Havelock Ellis noted in Studies in the Psychology of Sex, Volume 5 (of 6) (1927) that
- "for the Latins especially the whole process of human sex, as well as the male and female organs, constantly presented itself in symbols derived from agricultural and horticultural life. The testicles were beans (fabæ) and fruit or apples (poma and mala); the penis was a tree (arbor), or a stalk (thyrsus), or a root (radix), or a sickle (falx), or a ploughshare (vomer). The semen, again, was dew (ros).
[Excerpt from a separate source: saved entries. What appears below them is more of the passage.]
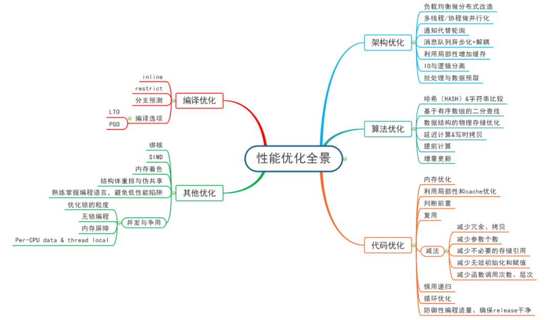 性能优化可分为宏观和微观两个层面。宏观层面包括架构重构,而微观层面,则包括算法的优化,编译优化,工具分析,高性能编码等,这些方法是有可能独立于具体业务逻辑,因而有更加广泛的适应性,且更易于实施。
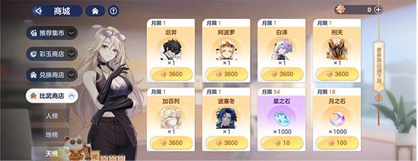 1、星之石可以在人榜商店中兑换指定五星珍奇神使。
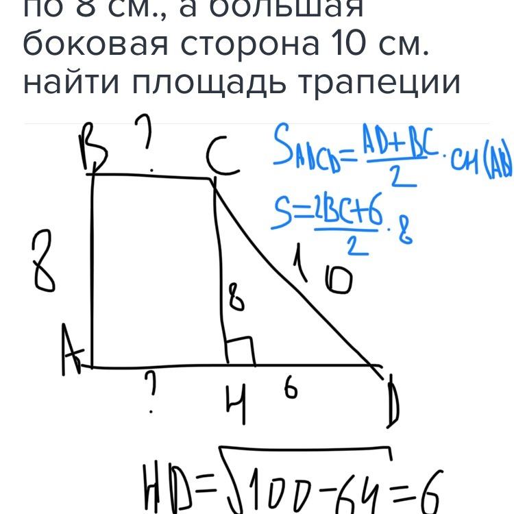 У прямокутной трапеции меньша основание ы меньша боковая сторона по 8 см., а большая боковая сторона 10 см. найти площадь трапеции
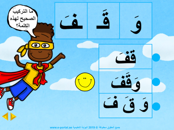 الهدف من النشاط: أن يتمكن الطالب من تحديد التركيب الصحيح لحروف الكلمة من بين الخيارات المتاحة.
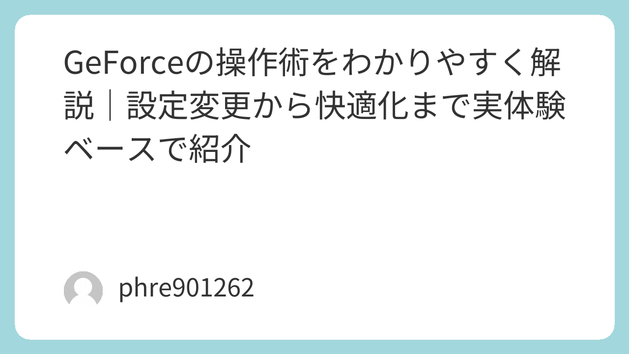 GeForceの操作術は、知識量より順番のほうが大事です。いきなり細かな設定に入るより、まず基本を確認し、そのあと必要な機能だけ広げていく。この流れなら失敗しにくいです。
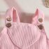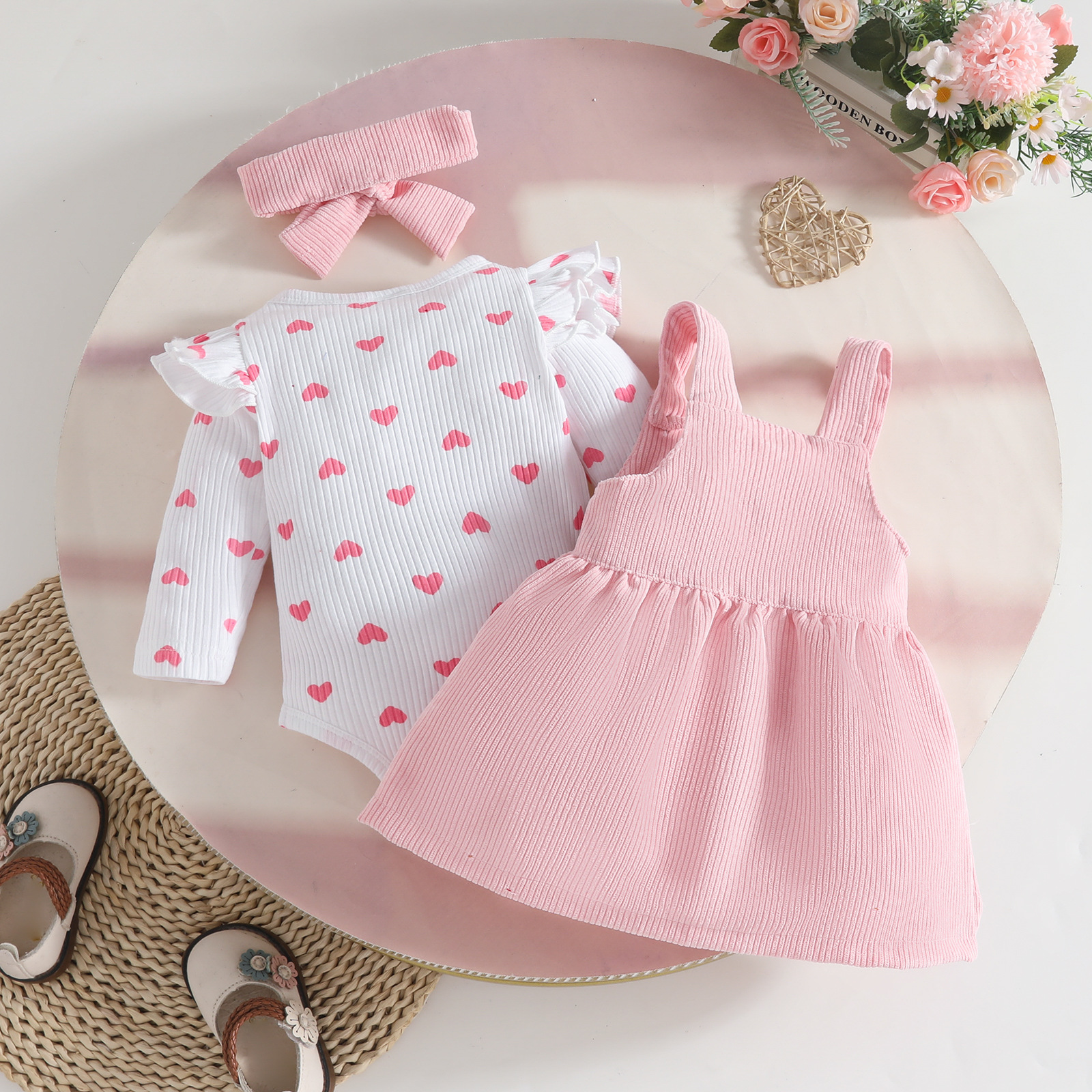 Set de 3 piese cu body din rib cu volănașe, sarafan din denim și bentiță Pink Heart
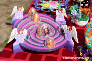 Ураджэнка Гадзічава Людміла Храпунова завітала на свята з Маркавіч, дзе зараз жыве. Разам з сястрой Нінай яны накрылі ля бацькоўскага дома стол с абрадавымі стравамі.
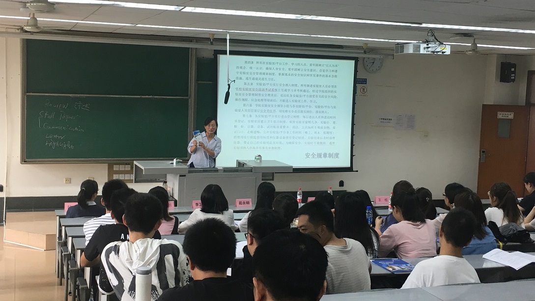 随后,公司实验中心对同学们进行实验室安全知识教育。实验中心主任张纯姑老师为同学们介绍了公司实验室管理的相关政策和制度,让新生们在开学第一课就深刻意识到实验室安全的重要性。实验中心副主任任瑶瑶老师结合多起其他高校实验室事故案例为同学们讲解了实验室常见的安全隐患和实验注意事项。实验中心江南屏老师则特别向同学们介绍了公司编写的《实验室安全手册》,希望同学们下来认真学习,并严格遵守实验室秩序。
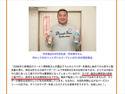 「横浜の地サイダーなのに、横浜の水で作っていないのはとても残念だ」
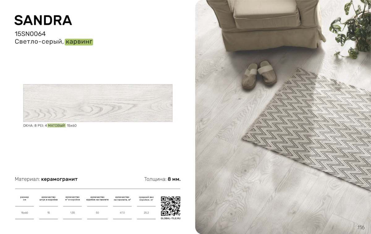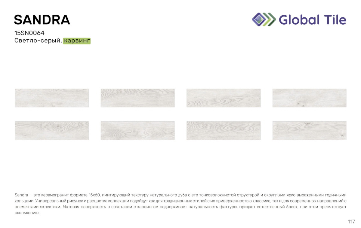 / 15SN0064 Керамогранит GlobalTile Sandra_GT светло-сер. 15x60 _ 1/67,5
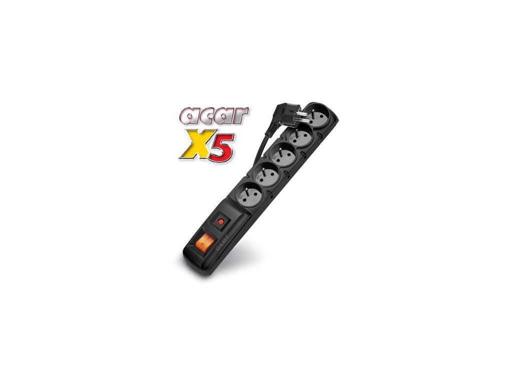 počet portů: 5 ks Délka kabelu: 3 m Vypínač: ano Pojistka: 1 ks Přepěťová ochrana: ano Acar F5 je nejoblíbenější ochranné zařízení z rodiny acar-AXON . S délkou menší než 33 cm poskytuje pět uzemněných elektrických zásuvek. Toto množství je dostatečné ve většině aplikací a relativně malá velikost umožňuje jeho volné umístění i na stůl. Použitou automatickou pojistku lze nazvat prakticky bezúdržbovou Jmenovité napětí: 230 V, 50 Hz Jmenovitý proud: 10 A Jištění: automatická pojistka 10A/250V Vypínač: podsvětlený dvojpólový vypínač Svodový proud: ‹ 0.5 mA Doba zpoždění: ‹ 25 ns Max. trvalé pracovní napětí přepěťového systému: 250 V, 50 Hz Ochranná úroveň Up: ‹=1.3kV (L/N) Jmenovitý proud In: 2 kA (L/N) - 8/20 µs Maximální impulsní svodový proud Imax: 6.5 kA (L/N) - 8/20 µs Ochranný systém: 2P+Z Materiál zásuvkového pole: samozhášející plast Počet zásuvek: 5 zásuvek s ochranným kolíkem 10A/250V Rozměry: 330x54x55mm Hmotnost: 0.4 kg

The labia majora or minora were wings (alæ); the vulva and vagina were a field (ager and campus), or a ploughed furrow (sulcus), or a vineyard (vinea), or a fountain (fons), while the pudendal hair was herbage (plantaria)."
Shakespeare
Shakespeare often incorporated phallic symbols into his plays; swords and knives, for example, were phallic symbols representing the masculinity of their wielders. For example, in Shakespeare's A Midsummer Night's Dream, Theseus says to his fiancé Hippolyta "I wooed thee with my sword"
Somatopia
Somatopia is an 18th century literary genre which compared women to topography.
19th century research
Life Symbols As Related To Sex Symbolism
Psychoanalytic theory
Common psychological symbols include a gun to represent a penis or a tunnel to represent a vagina (David G. Myers, Psychology, Worth Publishers; 7th edition (June 6, 2004))
- "Sigmund Freud and Otto Rank interpreted that smooth walls . . . correspond to erect human bodies" and "staircases . . . represent the sexual act, while cellars and corridors stand for the female sexual organ." --The Haunted Screen
Male and female
Phallic symbolism
Cylindrical, tubular forms and protrusions, such as stalks, sticks, rods, trees and towers. Also animals such as the snake, see serpent symbolism.
Yonic symbolism
Hollow and concave forms such as shells, holes, caves, tunnels, grottoes and cavities.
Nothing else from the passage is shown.